═════ DATASET CONTENT ═════

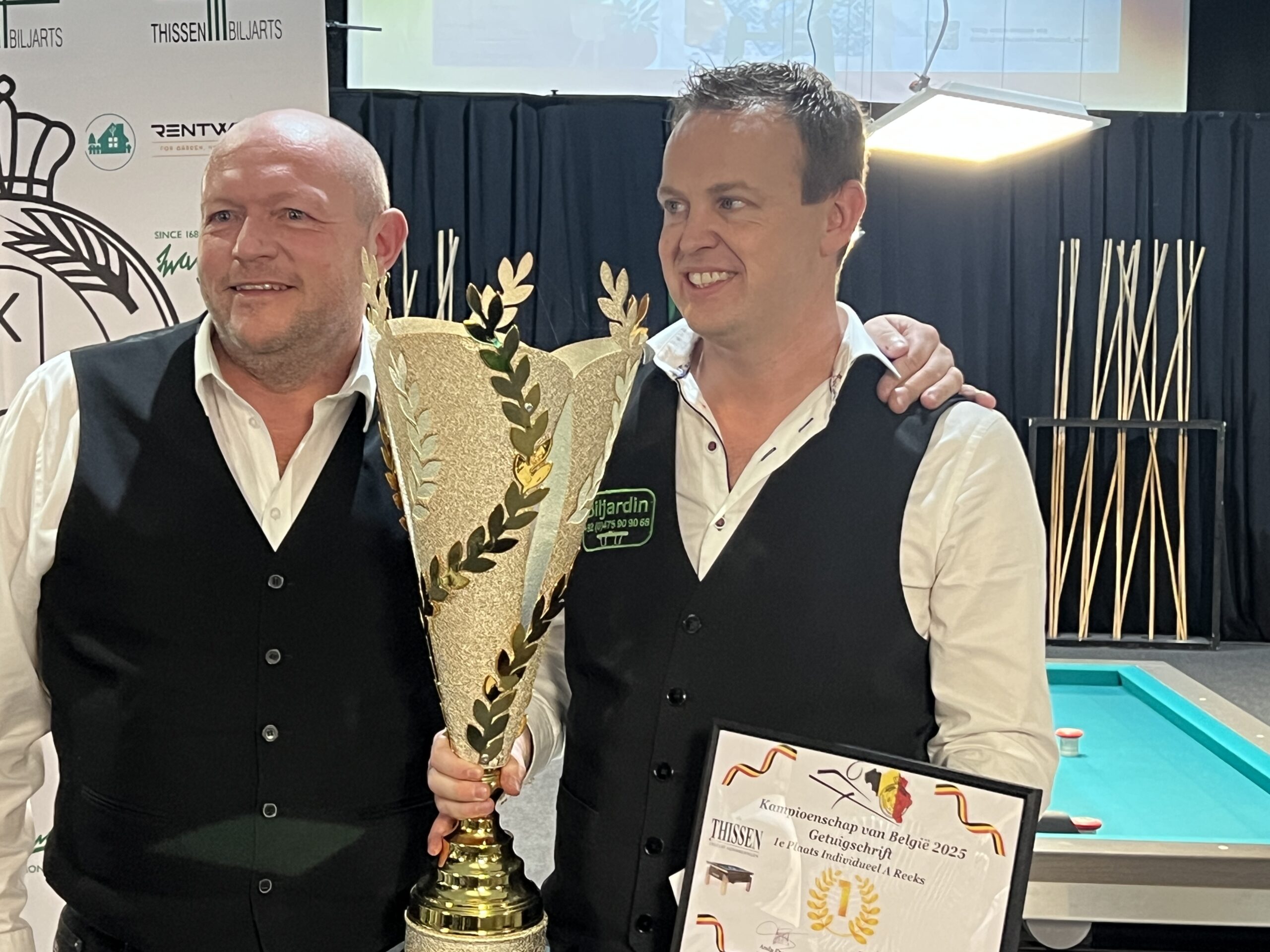 Na zijn winst in de finale, was Chris uiteraard in de wolken. “Het was super. Ik heb denk ik weinig mis gedaan en had de wedstrijd onder controle. Na de titel in de D-reeks, is het volgend jaar de C-reeks, die waarschijnlijk moeilijker zal zijn.” Zijn fiere echtgenote deelde alvast in de vreugde om de Belgische titel.
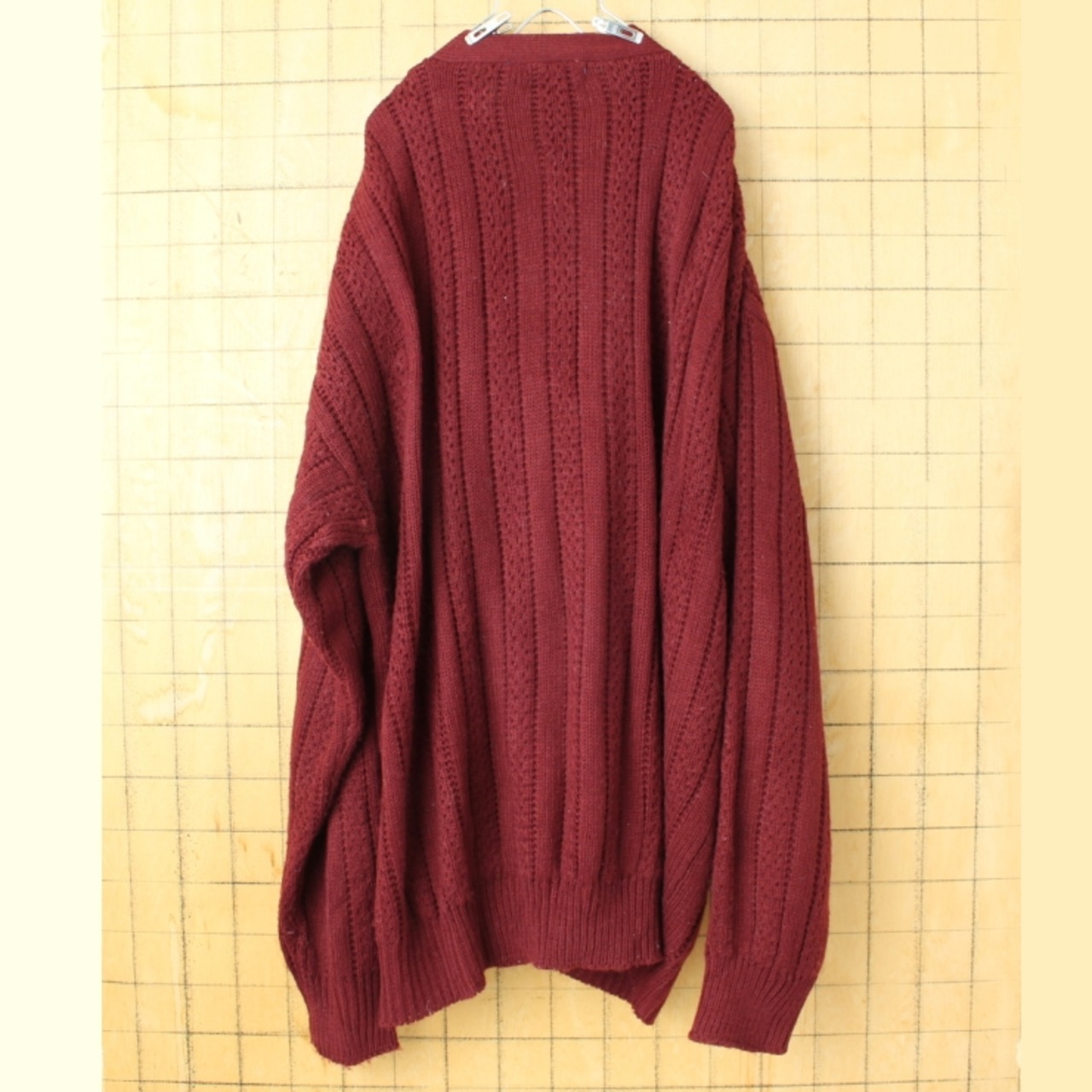 ビッグサイズ 90s USA TOWNCRAFT アクリルニットカーディガン ボルドー メンズXL アメリカ古着 011426aw79
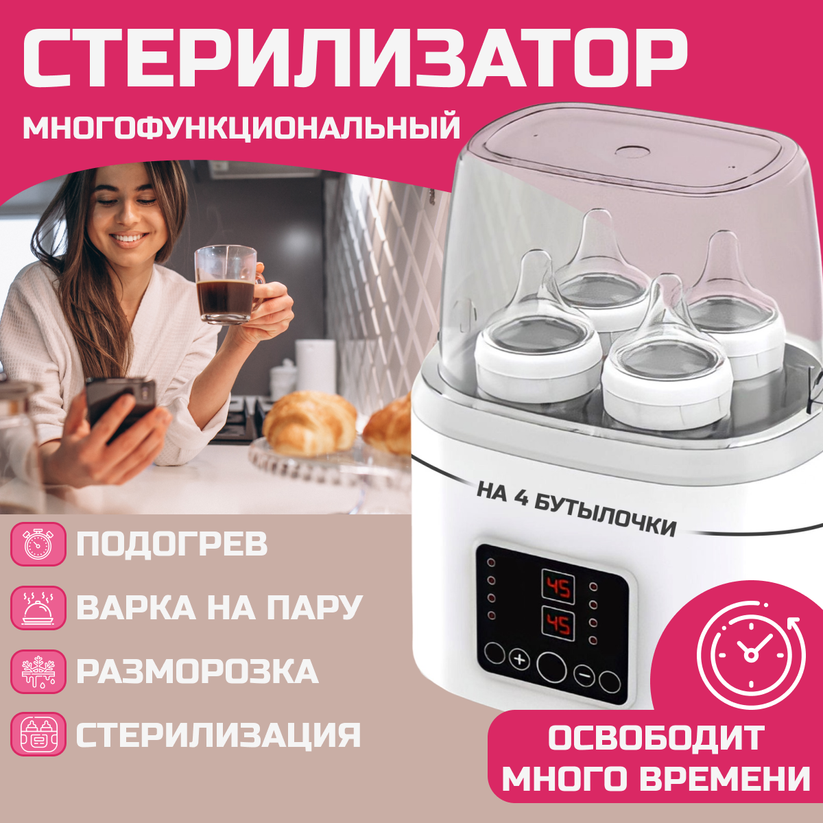 Подогреватель для 4 бутылочек с функцией размораживания и стерилизации информация:

═════

> _AIM OF THE EXERCISE_:
Print out the material verbatim, skipping pictures.

> _RESULT OF THE EXERCISE_:
 Na zijn winst in de finale, was Chris uiteraard in de wolken. “Het was super. Ik heb denk ik weinig mis gedaan en had de wedstrijd onder controle. Na de titel in de D-reeks, is het volgend jaar de C-reeks, die waarschijnlijk moeilijker zal zijn.” Zijn fiere echtgenote deelde alvast in de vreugde om de Belgische titel.
 ビッグサイズ 90s USA TOWNCRAFT アクリルニットカーディガン ボルドー メンズXL アメリカ古着 011426aw79
 Подогреватель для 4 бутылочек с функцией размораживания и стерилизации информация:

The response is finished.